Welcome to Q4! What’s changed since the summer?

Fall is in the air here in Seattle (and most other places in the U.S. and Europe).  We’ve had some lovely, crisp autumn days over the past week.

At the beginning of each quarter this year, I’ve written about topics that I’ll be tracking throughout the year.  With another quarter gone, it’s time for an update.  I’ll split this article into two parts – today I’ll cover work-related topics and next time I’ll look at my other, more personal interests.

Business Intelligence Industry

There are three big (and converging) industry trends:

  • Big Data – everyone wants to analyze immense data sets.  When terabytes of data are involved, traditional DBMS and BI solutions can’t perform adequately, so new approaches are needed.  Vendors like QlikTech pioneered this space, but all the major players are now paying attention.
  • In Memory Computing and Appliances – Oracle’s Exa-whatever family of products competes directly with SAP’s Hana offering.  As with Big Data, the big vendors are chasing some of the innovative smaller vendors (like QlikTech) while also trying to move into the space that Teradata has owned for years.
  • Mobile BI – Apple’s iPad (with some help from the iPhone and Android phones) has brought this sector to prominence.  All of the vendors are racing to provide new offerings (or to emphasize how their old offerings are “mobile ready”).

For my company (and many others) the biggest event of the past several months was Oracle OpenWorld 2011 (although technically it fell in Q4).  I wrote about OOW here, here, here and here.

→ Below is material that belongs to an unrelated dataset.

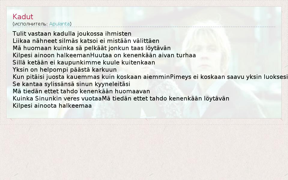 Это интересно:B 1991 году некто Тони (Toni Wirtanen) и Антти (Antti Lautala), два друга из небольшого города Хейнола, решили создать группу. Играть собирались, кажется, что-то вроде death metal. Дело за малым – пригласив приятеля Симо побарабанить, друзья принялись за репетиции. Через год к ним присоединился басист Мэнди, а через два была записана промо-запись Mikä ihmeen Apulanta?. Ну и сразу после этого басист сменился – пришёл Тукка... продолжение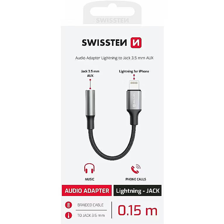 title_en - Swissten Lightning to Jack 3.5mm AUX Audio Adapter for iPhone and iPad 15 cm

Meanwhile, SAP finally released BusinessObjects 4, a new major release of their flagship BI suite.  It became generally available on September 16.  It updates their entire suite: Web Intelligence, Dashboards, Crystal Reports, Explorer, the Business Intelligence Platform, and more.  It’ll be interesting to see whether SAP gains any momentum with this new release.  They had lagged behind in Gartner’s most recent Magic Quadrant, in part because the other major vendors had already delivered their major new releases.

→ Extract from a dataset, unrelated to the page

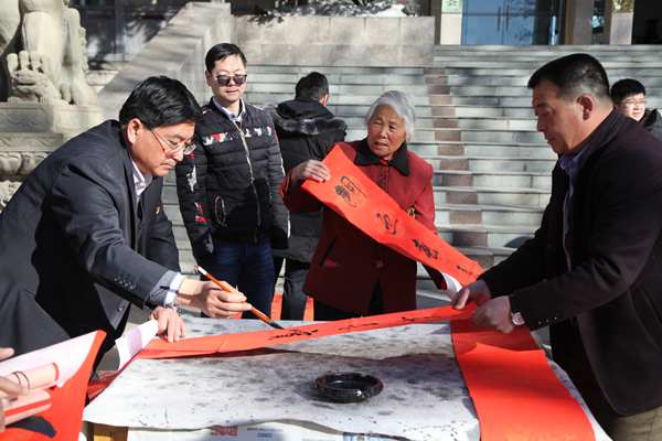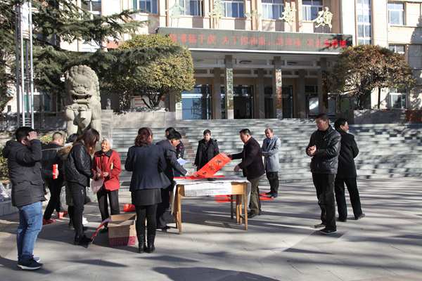 活動(dòng)現(xiàn)場(chǎng),武書記擺開桌案,鋪上紅紙,筆走龍蛇、揮灑筆墨,前來(lái)討要春聯(lián)的職工家屬一邊等候,一邊欣賞武書記的書法作品。職工家屬有求必應(yīng),一副副滿含吉祥祝福的春聯(lián),一個(gè)個(gè)大紅的“?!弊郑瑸槟晡妒愕暮椭C穩(wěn)定礦區(qū)增添了一道靚麗的風(fēng)景線。

For Microsoft, the Denali project now has an official (but not surprising) product name: SQL Server 2012.  It’s scheduled for release in the first half of next year.  Last week, Microsoft jumped on the Big Data band wagon, announcing that SQL Server 2012 will include big data features based on Apache Hadoop. Not surprisingly, they also announced that their mobile BI features will be extended to Apple iPads and iPhones. 


In July, I said, “Fusion continues to be delayed – it’s still not generally available – but Oracle continues to tout its promise and its success with early adopters.  I’m still skeptical.”  Now that it’s generally available, it sounds really good.  However, I remain skeptical.  Even if it’s everything it’s claimed to be, will any customers be able to afford it?

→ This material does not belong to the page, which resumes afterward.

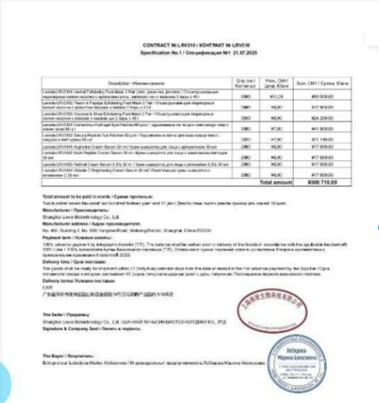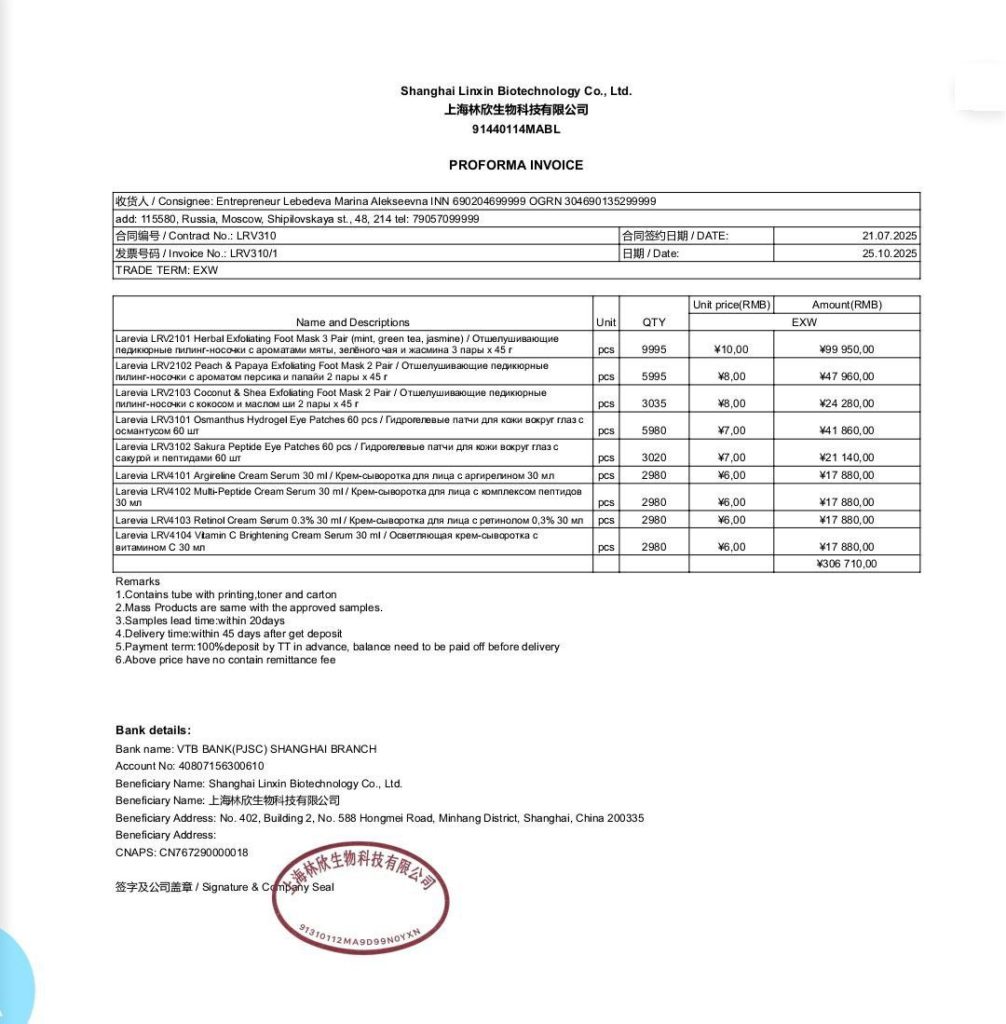 Для оформления документов требуется подробная информация о товаре.

On the acquisition front, things have picked up again.  After just one acquisition in Q1 and one more that I wrote about after Q2, Oracle gobbled up five other companies (two that I missed in Q2 and three more last quarter):

  • Datanomic – April – data quality software for risk and compliance screening
  • Pillar Data Systems – June – network storage systems
  • Ksplice – July – an open source provider of Linux kernel extensions
  • InQuira – July – service knowledge management software
  • GoAhead – September — service management software for the communications industry

Can we find any trends or see any future direction from Oracle’s recent acquisitions?  I certainly can’t.  They all seem fairly unrelated – small, targeted niche additions to isolated parts of the product portfolio.  I expect we’ll continue to see more of the same, although I wouldn’t rule out a blockbuster acquisition. 

For now…I’ll leave you with this thought:

New trends in BI provide opportunities for many new niche vendors, but the major players seem quicker than ever in recognizing (and filling) the most important niches.